--- Dataset content Enclosed Below ---

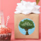 Personalise your sky blue family reunion souvenir sticker with your family's name and year of reunion in white text. A tree is in the background. At the bottom you can add where your reunion is taking place.
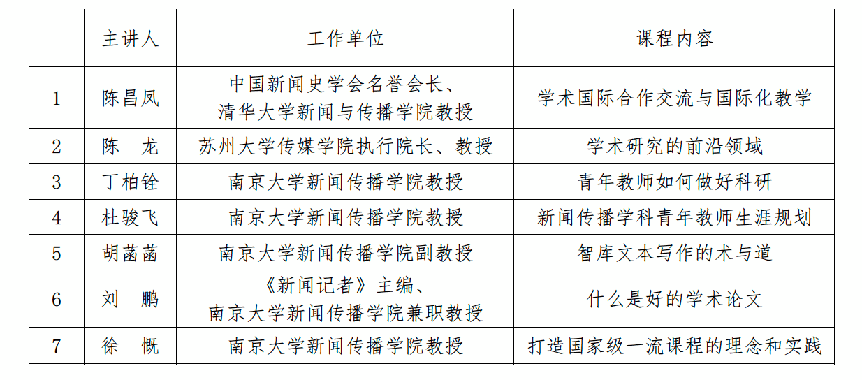 本期暑期公司将以线下方式进行,活动内容包括学术讲座、授课心得分享、研究计划和授课计划发表等。届时将邀请国内知名学者、新闻传播国家级精品课程主讲教师和C刊主编与各位学员深度交流,优秀论文将优先推荐到《传媒观察》《新闻记者》《中国网络传播研究》等刊物发表。
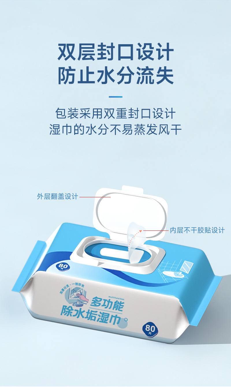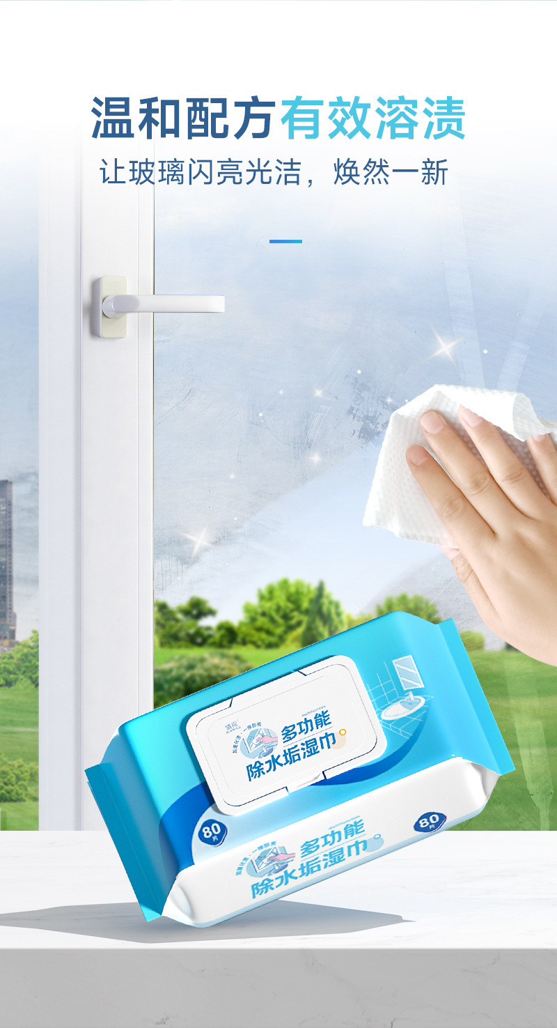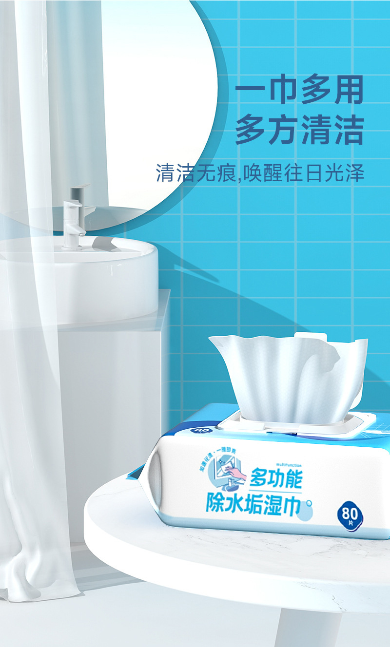 除水垢卫生湿巾 多功能厨房浴室玻璃瓷砖水垢清洁除垢家用 湿纸巾
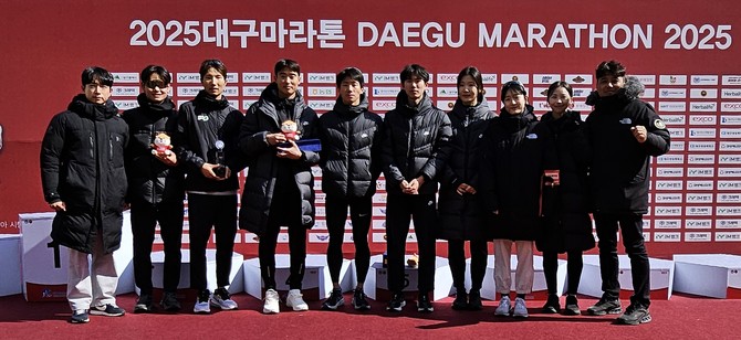 [프라임경제] 청주시청 육상부(감독 홍인표, 코치 이장군)가 지난 23일 대구광역시에서 열린 2025 대구국제마라톤대회에서 남자일반부 단체 1위를 차지하며 금메달을 획득했다.
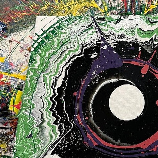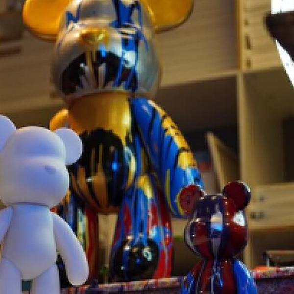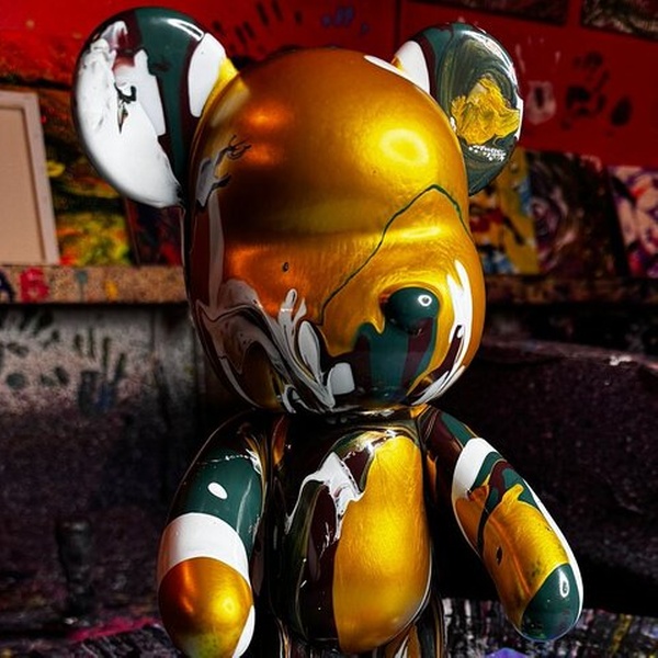 - All materials: bear, glossy paints, spin art machines, and canvas.

--- End of Enclosed Dataset content ---

**Exercise aim**
Output the records verbatim, every one of them, and keep the pictures out.

**Task solution**
 Personalise your sky blue family reunion souvenir sticker with your family's name and year of reunion in white text. A tree is in the background. At the bottom you can add where your reunion is taking place.
 本期暑期公司将以线下方式进行,活动内容包括学术讲座、授课心得分享、研究计划和授课计划发表等。届时将邀请国内知名学者、新闻传播国家级精品课程主讲教师和C刊主编与各位学员深度交流,优秀论文将优先推荐到《传媒观察》《新闻记者》《中国网络传播研究》等刊物发表。
 除水垢卫生湿巾 多功能厨房浴室玻璃瓷砖水垢清洁除垢家用 湿纸巾
 [프라임경제] 청주시청 육상부(감독 홍인표, 코치 이장군)가 지난 23일 대구광역시에서 열린 2025 대구국제마라톤대회에서 남자일반부 단체 1위를 차지하며 금메달을 획득했다.
 - All materials: bear, glossy paints, spin art machines, and canvas.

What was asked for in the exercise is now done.